Der türkische Gemüseladen in Altona ist voll wie immer. In die langen Schlange an der Kasse haben sich viele deutsche Kunden eingereiht. „Es ist nicht anders als sonst“, sagt der 32-jährige muslimische Händler. Seine muslimischen Kollegen in anderen Hamburger Stadtteilen spüren an diesem Freitagmorgen, drei Tage nach den Terroranschlägen in den USA, ebenfalls keine Veränderung. „Die Anschläge sind natürlich auch hier im Laden Gesprächsthema, aber durch Diskriminierung bedroht fühle ich mich nicht“, sagt ein türkischer Lebensmittelhändler am Steindamm, unweit des Hauptbahnhofs im Herzen der Stadt.

Anders als in den USA hat es in Hamburg nach Angaben der Polizei bisher keine Ausschreitungen gegen Muslime oder ihre Geschäfte gegeben, obwohl drei der mutmaßlichen Haupt-Attentäter jahrelang in der Hansestadt gelebt und studiert haben. „Aber die Atmosphäre hat sich verändert. Ich habe das Gefühl, als würden die Leute vor mir zurückweichen“, sagt ein 48-jähriger Palästinenser, der seit kurzer Zeit einen deutschen Pass hat.

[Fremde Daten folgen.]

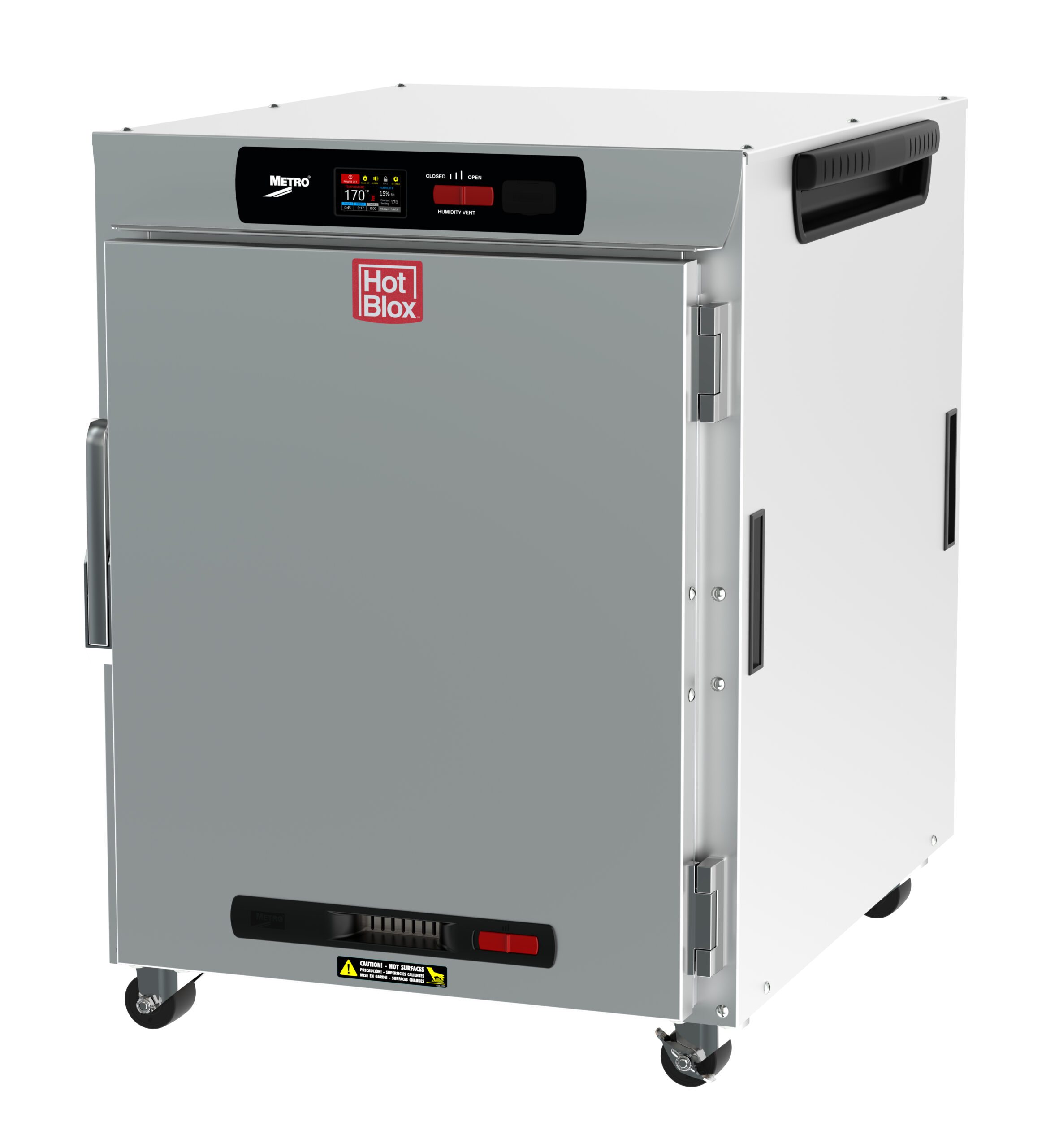 A: The Metro HotBlox cabinet can hold both moist and crispy foods simultaneously, thanks to its hybrid convection-radiant heating system.
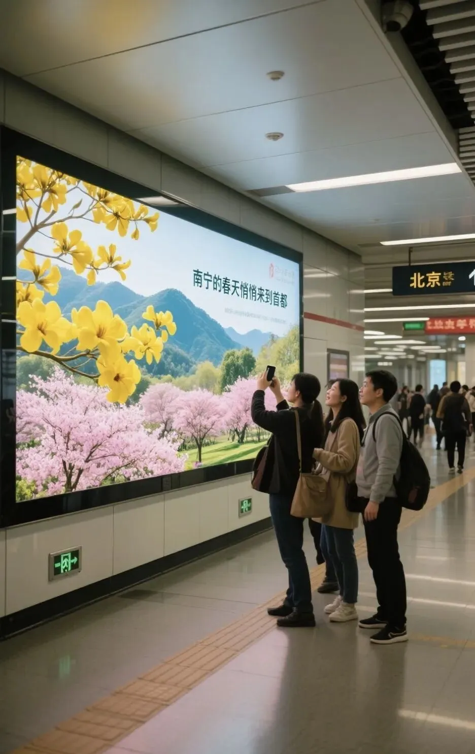 人来人往的北京地铁里,那片南宁的春色,就安安静静待在屏幕上。

Auch in den muslimischen Gemeinden Hamburgs wächst die Angst vor Diskriminierung und Übergriffen. „Viele unserer Gemeindemitglieder betrachten die Lage mit großer Sorge und fürchten zunehmende Anfeindungen verbaler und tätlicher Art“, sagt die geistliche Leiterin der deutschsprachigen muslimischen Gemeinde der Hansestadt, Halima Krausen. Krausen ist bundesweit die einzige deutschstämmige Muslimin, die Aufgaben eines Imam wahrnimmt.

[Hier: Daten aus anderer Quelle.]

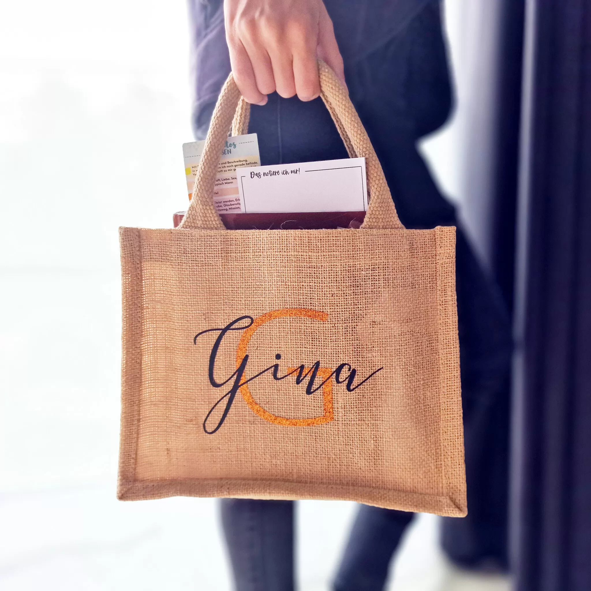 Stilvoll, persönlich und funktional – unsere Jute-Tasche ist mehr als nur ein Beutel. Hol dir jetzt deine personalisierte Jute-Tasche und trage deine Bibel und deine Gedanken mit Freude bei dir.
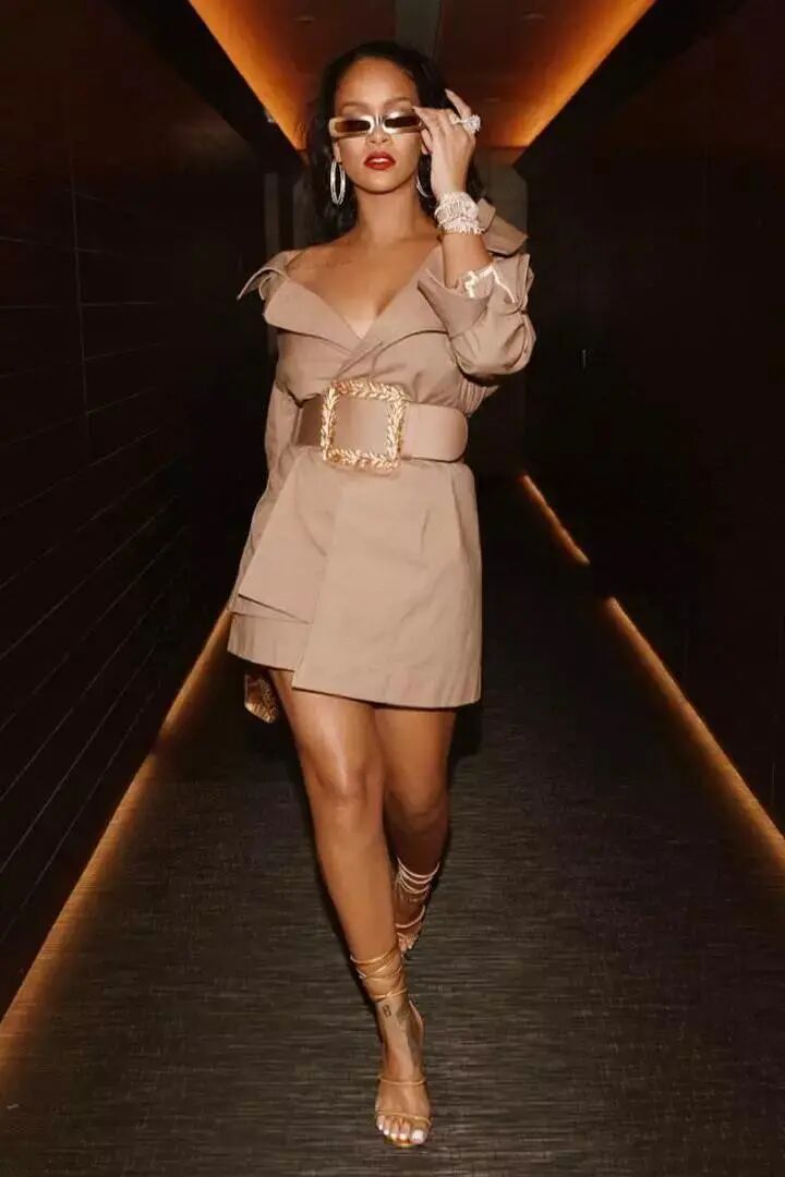 Rihanna就很喜欢穿金带银,参加各种大大小小的活动,都是又大又夸张叮铃哐啷地出席。

„Die Ethik des Islam erlaubt keinen Terrorismus. Aber in Hamburg leben rund 200.000 Muslime, und da sind sicher auch Chaoten dabei“, meint Krausen. Die 51-jährige unerschrockene Theologin, die seit fünf Jahren im Amt ist, nimmt kein Blatt vor den Mund, auch wenn es um die eigenen Glaubensgenossen geht.

„Die Stimmung hat sich verändert, finde ich“, erzählt Azra. „Wenn ich in einen Bus einsteige, spüre ich die skeptischen, teilweise feindseligen Blicke der Menschen“, sagt die junge Frau mit dem Kopftuch.

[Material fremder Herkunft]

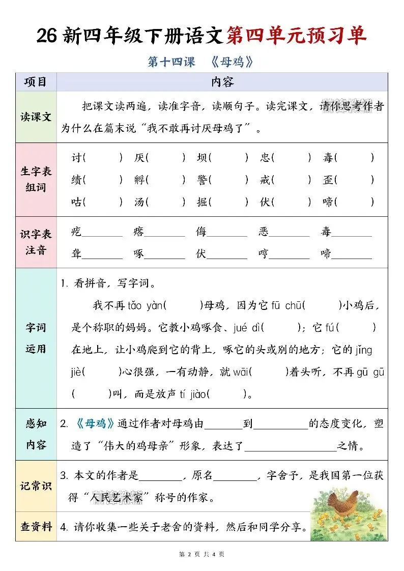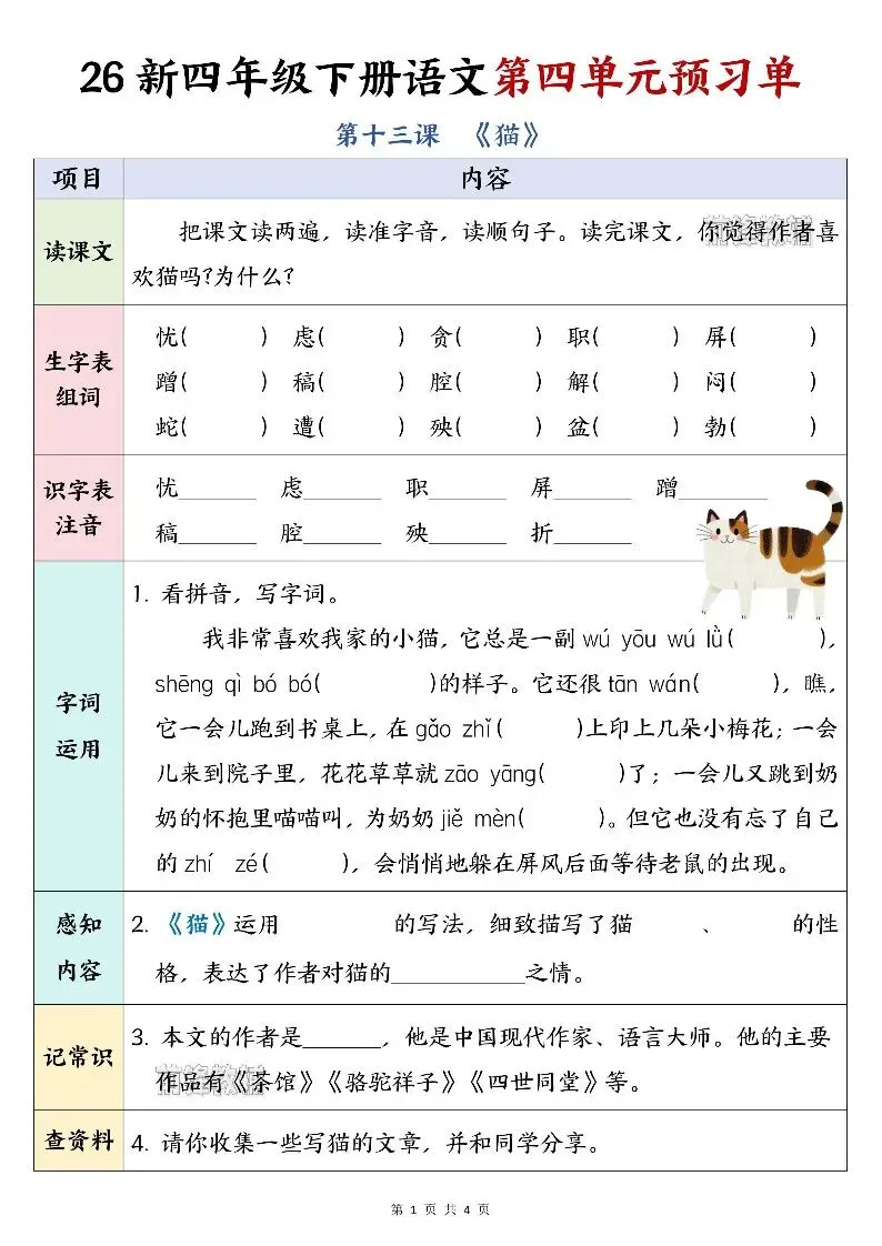 26新四年级下册语文第四单元预习单(电子版可打印)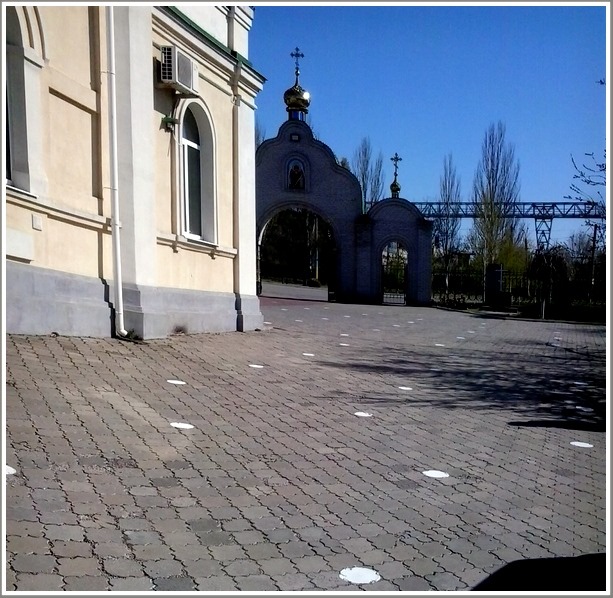 «Был свидетелем: при мне сегодня, 8 апреля 2020 года, эти белые пятна наносили на территорию, окружающую мой любимый запорожский храм – в честь святителя Николая [Правый берег, улица Песчаная]». Ее цель — определить безопасное расстояние между людьми во избежание рисков заражения вирусом.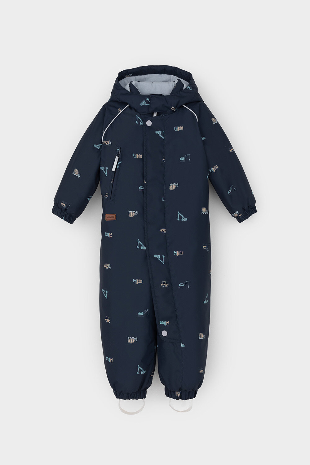 Демисезонный комбинезон ясельный с утеплителем SEE® 120 г/м2. Выполнен из мембранной ткани с дополнительной тефлоновой обработкой. Данный вид обработки предохраняет изделие от загрязнения и лучше отводит влагу. Подклад из 100% хлопка. Удлиненная молния для легкого одевания с защитой подбородка. Ветрозащитная планка фиксируется на липучках и кнопках. Утяжка на капюшоне с потайными стопперами. По низу рукавов и брючин, а также на спинке изделия предусмотрена эластичная резинка для лучшего прилегания. Для фиксации комбинезона используются съемные силиконовые штрипки. В размерах 74-80 функциональные отвороты на рукавах и брючинах. Во всех изделиях верхнего ассортимента для безопасности ребенка предусмотрены светоотражающие элементы.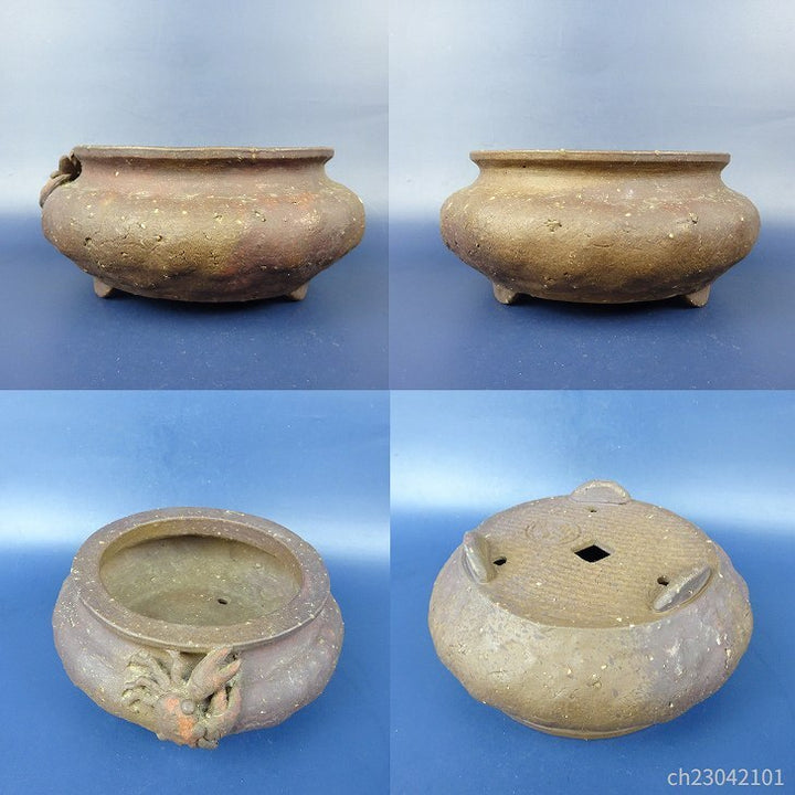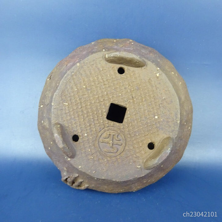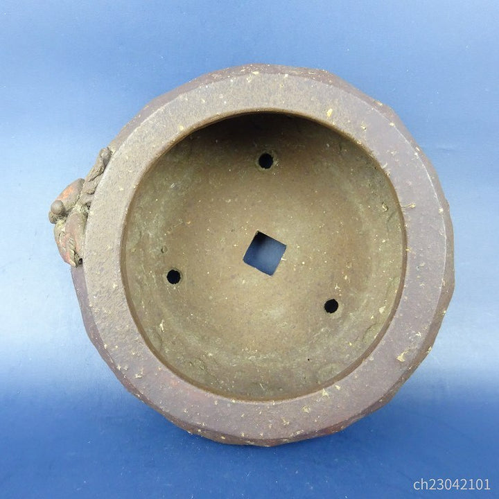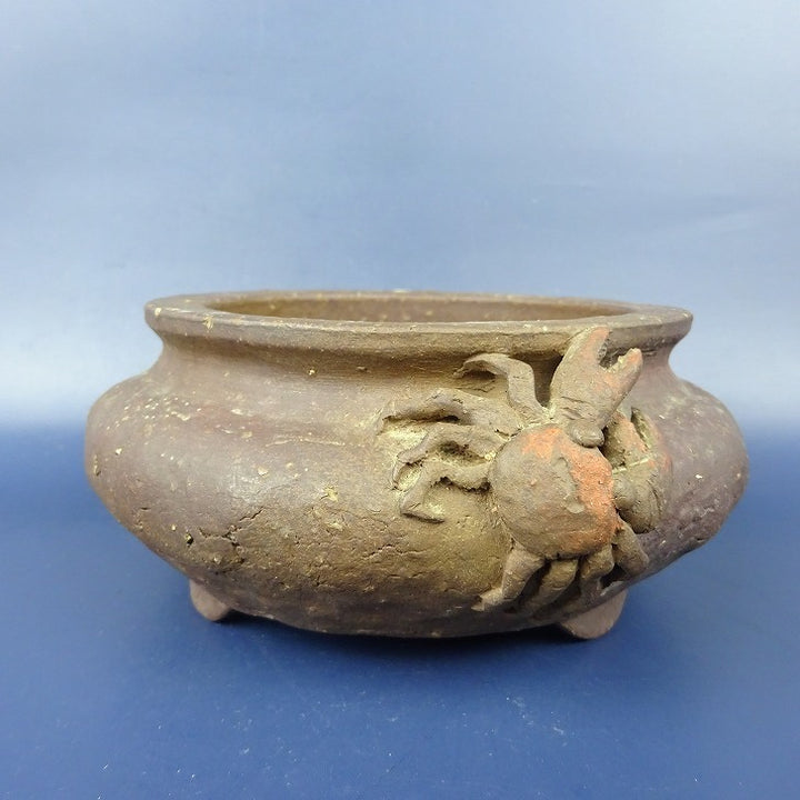 中古盆栽鉢 萬留平 小型 長辺 約14.5cm 丸鉢 蟹 泥物 中古鉢 f1198412067

Dass die Kluft zwischen Menschen verschiedener Religionen und Nationalitäten nicht größer wird, hofft auch Aydan Özoguz. Die 34-jährige Leiterin deutsch-türkischer Projekte der Körber-Stiftung für ein besseres Miteinander kandidiert auf Platz fünf der SPD-Liste zur Bürgerschaftswahl am 23. September. „Mich hat niemand geschlagen, aber die Stimmung ist anders“, meint auch Özoguz, die einen deutschen und einen türkischen Pass hat und praktizierende Muslimin ist. Da gebe es eine Reihe provozierender Fragen und verbaler Attacken.

„Wir dürfen uns nicht verleiten lassen, alte Feindbilder zu befestigen. Wir machen uns Sorgen, dass Angehörige islamischen Glaubens pauschal verurteilt werden“, meint der Islam-Beauftragte der Nordelbischen evangelisch-lutherischen Kirche, Pastor Hans-Christoph Gossmann, der sich seit Jahren in interreligiösen Gesprächsrunden um Verständigung bemüht.

Dazu will auch das Bündnis islamischer Gemeinden in Norddeutschland beitragen, das zu einem gemeinsamen christlich-islamischen Gottesdienst am Sonntag um 11 Uhr in der Moschee Böckmannstraße in St. Georg aufruft.